── DATA EXTRACTS ──

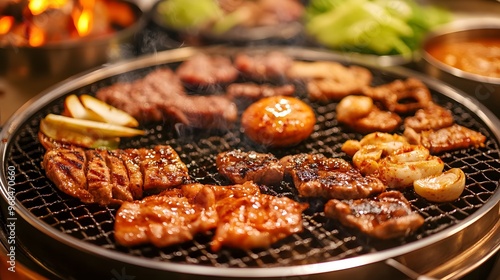 Meat being grilled on a Korean grill, Korean barbecue
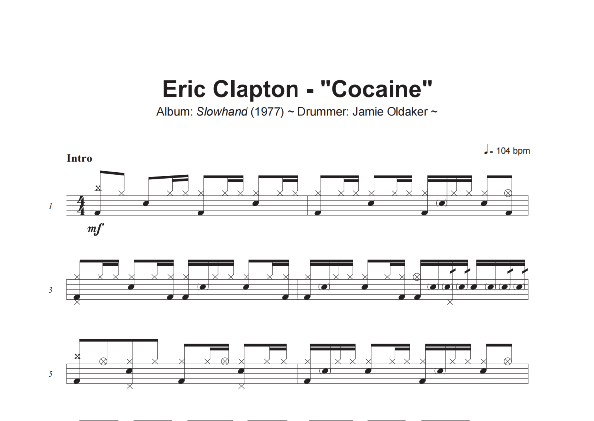 Eric Clapton《Cocaine》架子鼓谱
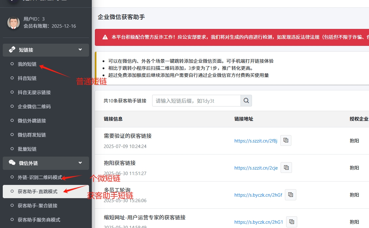 复制在本平台生成的短链(如我的短链、微信外链等)
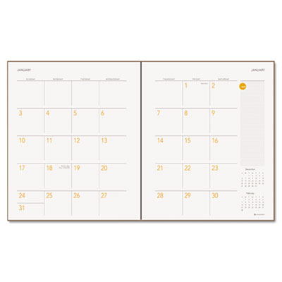 - Planner with one month per two-page spread.
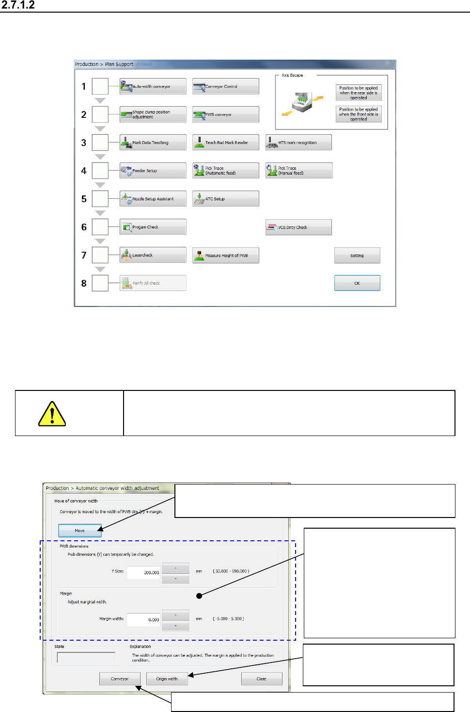 When you press the <Auto-width conveyor> button, the “Automatic conveyor width adjustment”
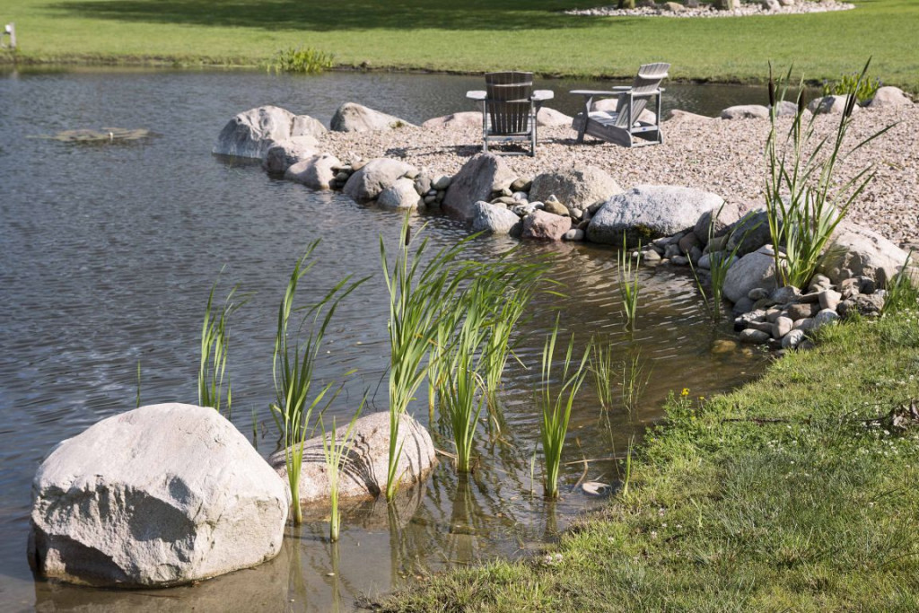 Ook met afgerond natuursteen kunnen mooie vijvers en taluds gemaakt
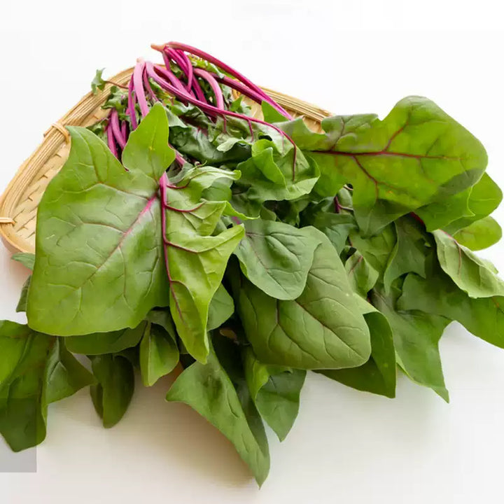 The thick, dark green leaves of this edible ornamental provide tasty greens throughout the summer, when traditional spinach will not grow. The mild flavor makes Red Stem equally good cooked or fresh, and is more palatable to children than the peppery cool-season varieties. The red stems really jazz up the plate.
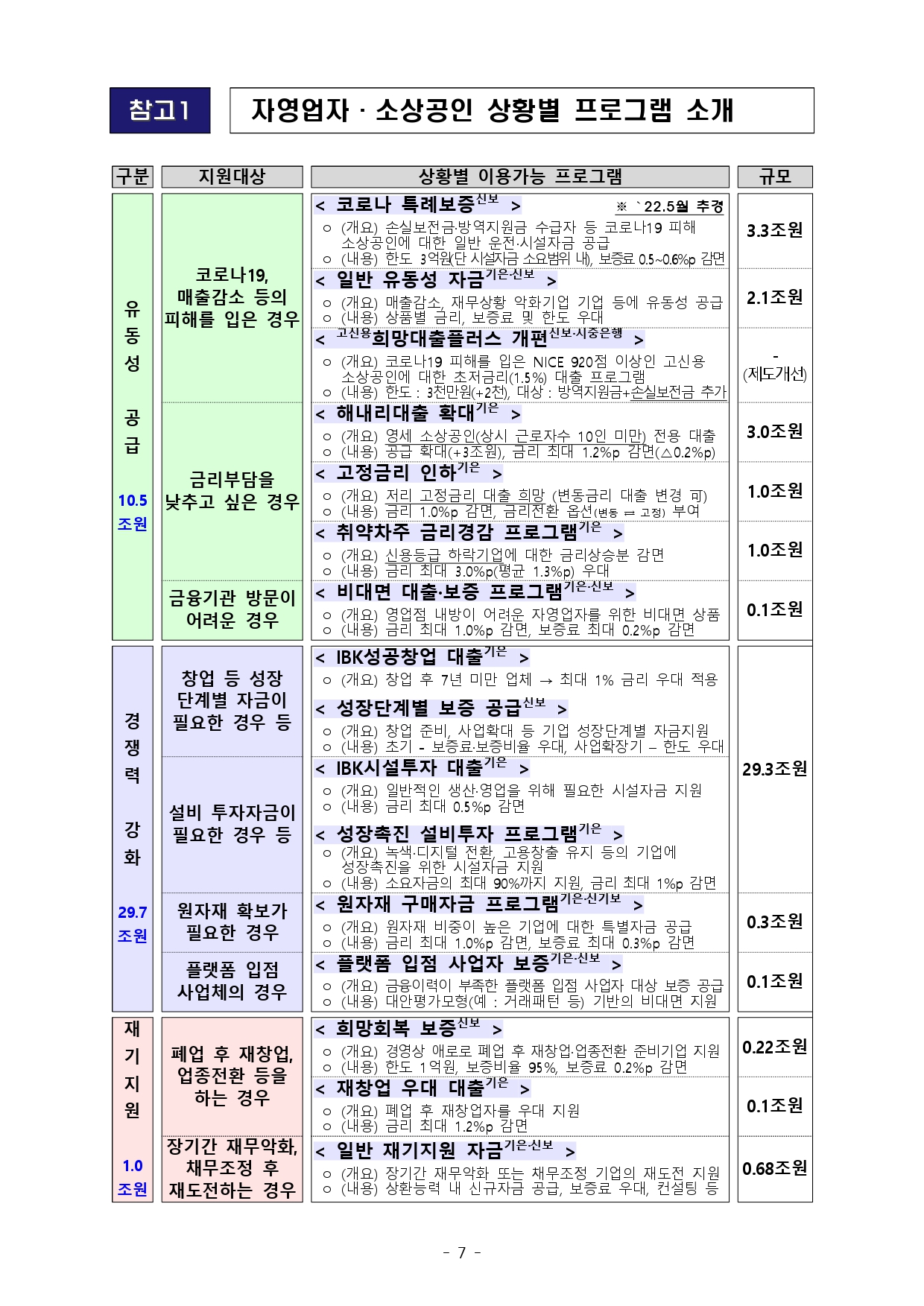 2022 자영업자·소상공인에 대한 맞춤형 금융지원 안내입니다.
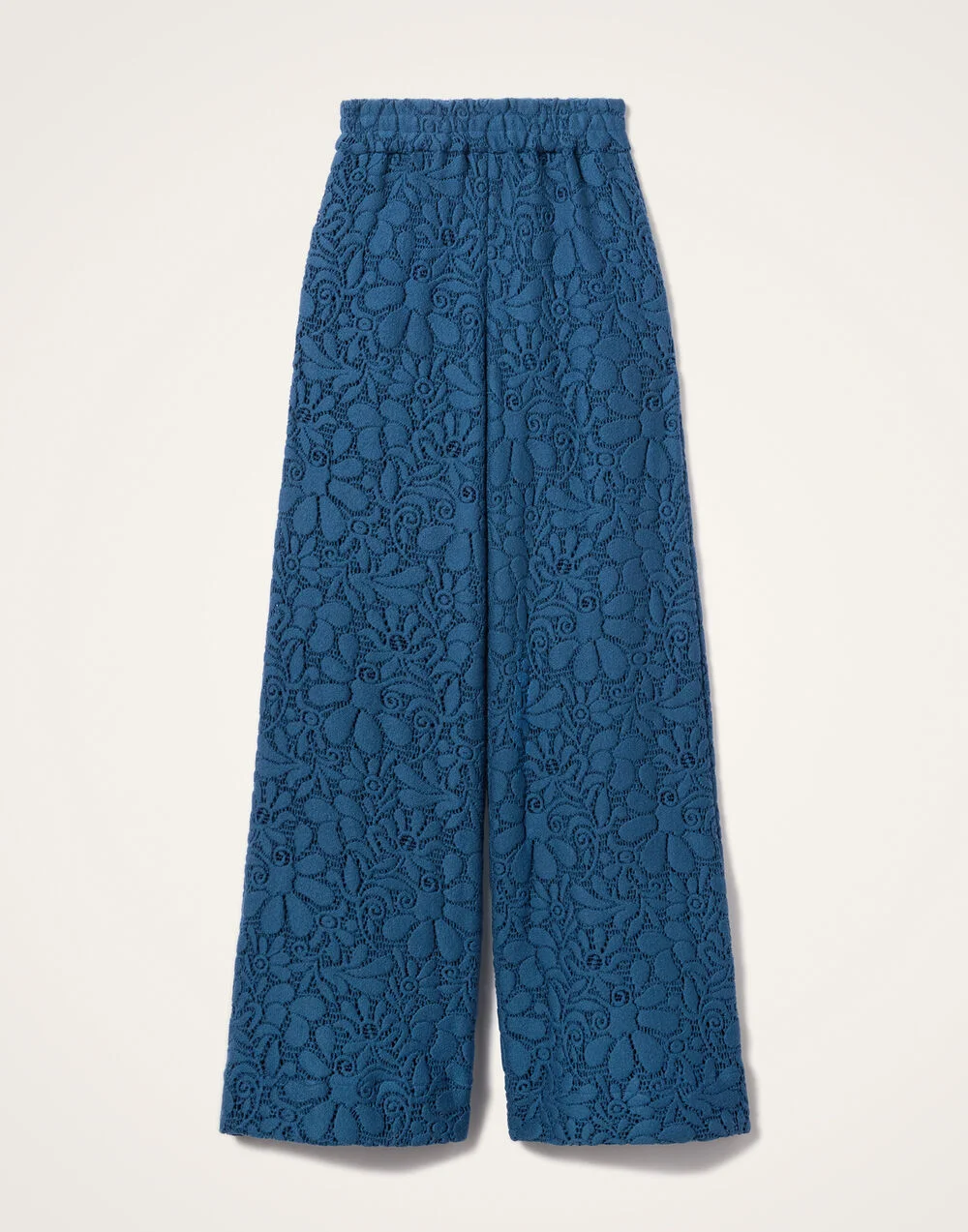 We cannot take credit for inventing the Palazzo Pant silhouette, but we will take credit for making them cool again. These trousers sit on the waist and fall flared, with a wide fit through the legs – like a skirt, but with the comfort of pants. A bellissima wardrobe addition in this chic, Italian wool lace. Details & Fit - Wool - Elastic waist - Concealed side pockets - Roomy fit - 100% Made in Italy - Composition: 90% Wool 10% Polyamide - The model is 180 cm / 5′ 11″ tall and wears a size S

───

* WORK TO COMPLETE *
The entries are to be transcribed in full. Their pictures are not.

* ANSWER SPACE *
 Meat being grilled on a Korean grill, Korean barbecue
 Eric Clapton《Cocaine》架子鼓谱
 复制在本平台生成的短链(如我的短链、微信外链等)
 - Planner with one month per two-page spread.
 When you press the <Auto-width conveyor> button, the “Automatic conveyor width adjustment”
 Ook met afgerond natuursteen kunnen mooie vijvers en taluds gemaakt
 The thick, dark green leaves of this edible ornamental provide tasty greens throughout the summer, when traditional spinach will not grow. The mild flavor makes Red Stem equally good cooked or fresh, and is more palatable to children than the peppery cool-season varieties. The red stems really jazz up the plate.
 2022 자영업자·소상공인에 대한 맞춤형 금융지원 안내입니다.
 We cannot take credit for inventing the Palazzo Pant silhouette, but we will take credit for making them cool again. These trousers sit on the waist and fall flared, with a wide fit through the legs – like a skirt, but with the comfort of pants. A bellissima wardrobe addition in this chic, Italian wool lace. Details & Fit - Wool - Elastic waist - Concealed side pockets - Roomy fit - 100% Made in Italy - Composition: 90% Wool 10% Polyamide - The model is 180 cm / 5′ 11″ tall and wears a size S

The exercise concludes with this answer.